Ik ben aangenaam verrast door het geheel. De beelden gaan (voor mij) allemaal over een groep,angst en hoe daarmee om te gaan. De kleuren van de kostuums en de kapel zorgen voor een rustige eenheid. De beelden moeten allemaal nog preciezer worden uitgewerkt  en ik zou willen dat het publiek als het ware wordt meegezogen in het geheel. Hoe bereik ik dit? Daarvoor moet het een vloeiend geheel worden en moeten de beelden een bepaalde zeggingskracht hebben. Maar wanneer is dit duidelijk genoeg voor het publiek? Wat zeggen de beelden in de volgorde zoals die nu is? Hoe gebruik ik geluid of muziek die de beelden versterkt, maar niet teveel invult? De komende (openbare)repetitie ga ik gebruiken om deze vragen aan het publiek te stellen.

Omdat we vandaag werken op ‘halve’ kracht (er is een speelster ziek en een deel van de groep voelt zich niet lekker)  besluit ik dat we het, voor nu, hierbij laten.

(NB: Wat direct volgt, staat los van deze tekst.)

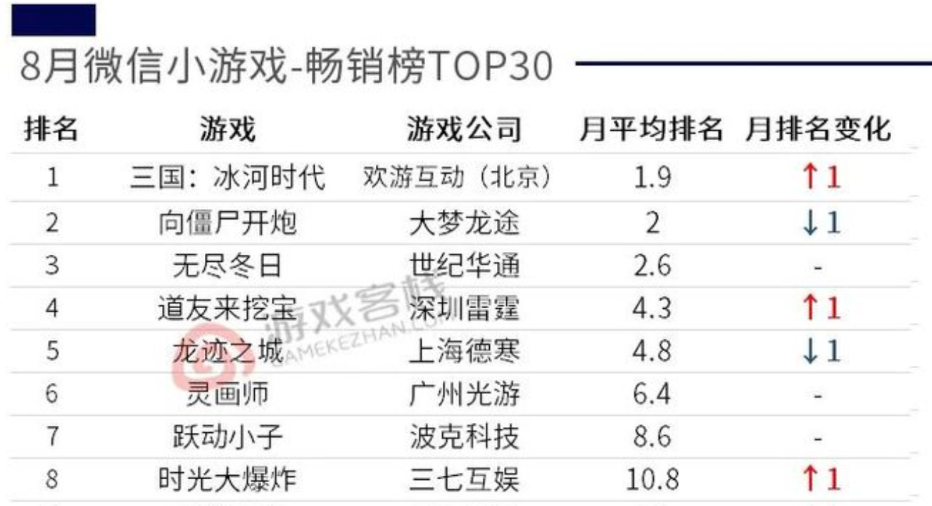8月小游戏百强 微信、抖音小游戏六大榜单全析
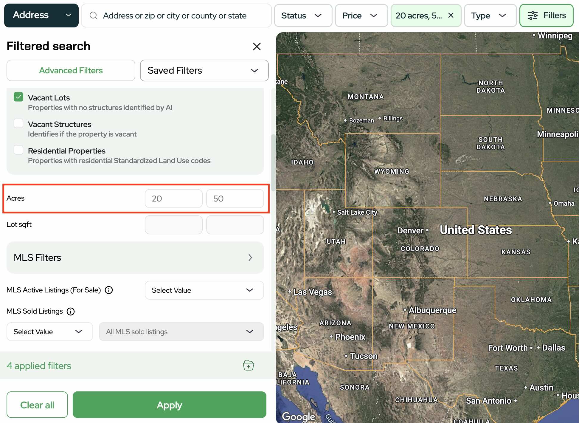 - Set Acreage Filters
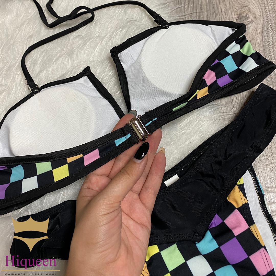 این ست بیکینی جنس و کیفیتی عالی دارد و بسیار راحت می شود از آن استفاده کرد به گونه ای که بعد از پوشیدن چیزی حس نمی کنید انگار وجود ندارد و طرحی پالت رنگی این محصول باعث جذابت بیشتری شده است   .
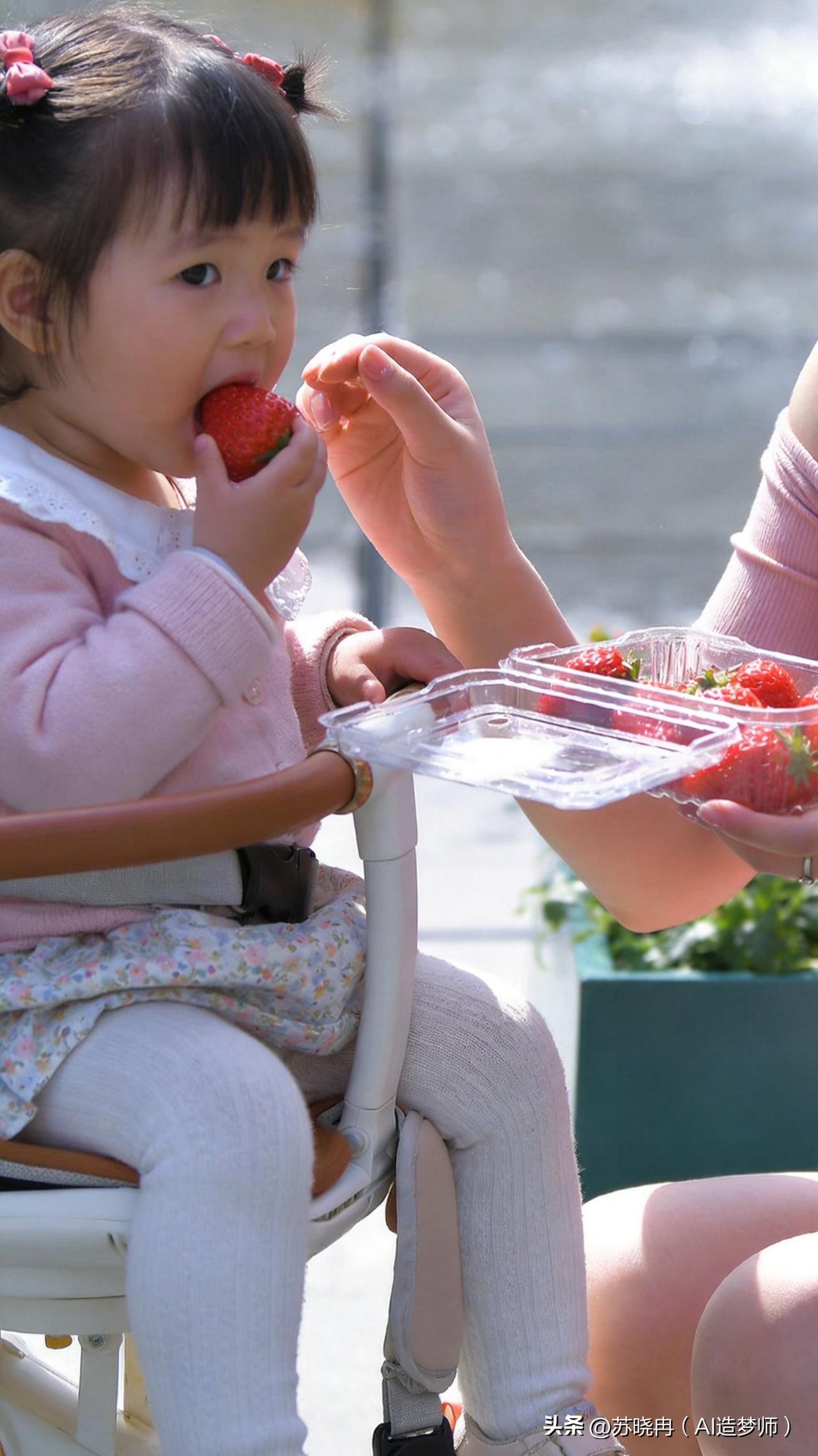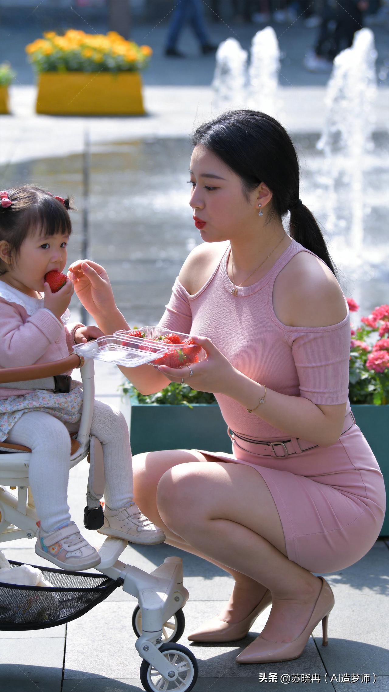 晴光漫洒喷泉旁,粉衣映着暖光,一盒红透的草莓,牵起母女间最软的时光。稚子攥果入口,眉眼弯弯,风里都裹着清甜的暖意。 草莓甜意 晴光碎影落泉旁, 粉袖轻垂伴稚娘。 一颗红莓噙嘴角, 春风也染几分香。 写真人像摄影 苏晓冉

In de middag gaan we een ijsje eten in de Steenstaart. Voor onze ogen speelt zich een real life theaterstuk af. Een Indiase oude vrouw hangt voorover gebogen in een auto met harde muziek, haar ijsje staat weg te smelten op het dak. Ondertussen komt er een  dronken man aan met halve liter bierblikken in een slap kartonnetje. Het karton scheurt, de biertjes rollen over straat, de vrouw draait zich om en zegt iets onverstaanbaars. Op hetzelfde moment komt er een Surinamer met gouden tanden en een vuilniszak uit de ijssalon die zich ermee bemoeit, ze vechten bijna. Ondertussen komt er een man in een rolstoel aan de zuurstof langs gereden die de bierblikjes probeert te ontwijken en schuiven wij steeds meer tegen elkaar aan, omdat de dronken man zo dicht mogelijk bij ons en onze ijsjes wil zitten. We zitten een beetje klem.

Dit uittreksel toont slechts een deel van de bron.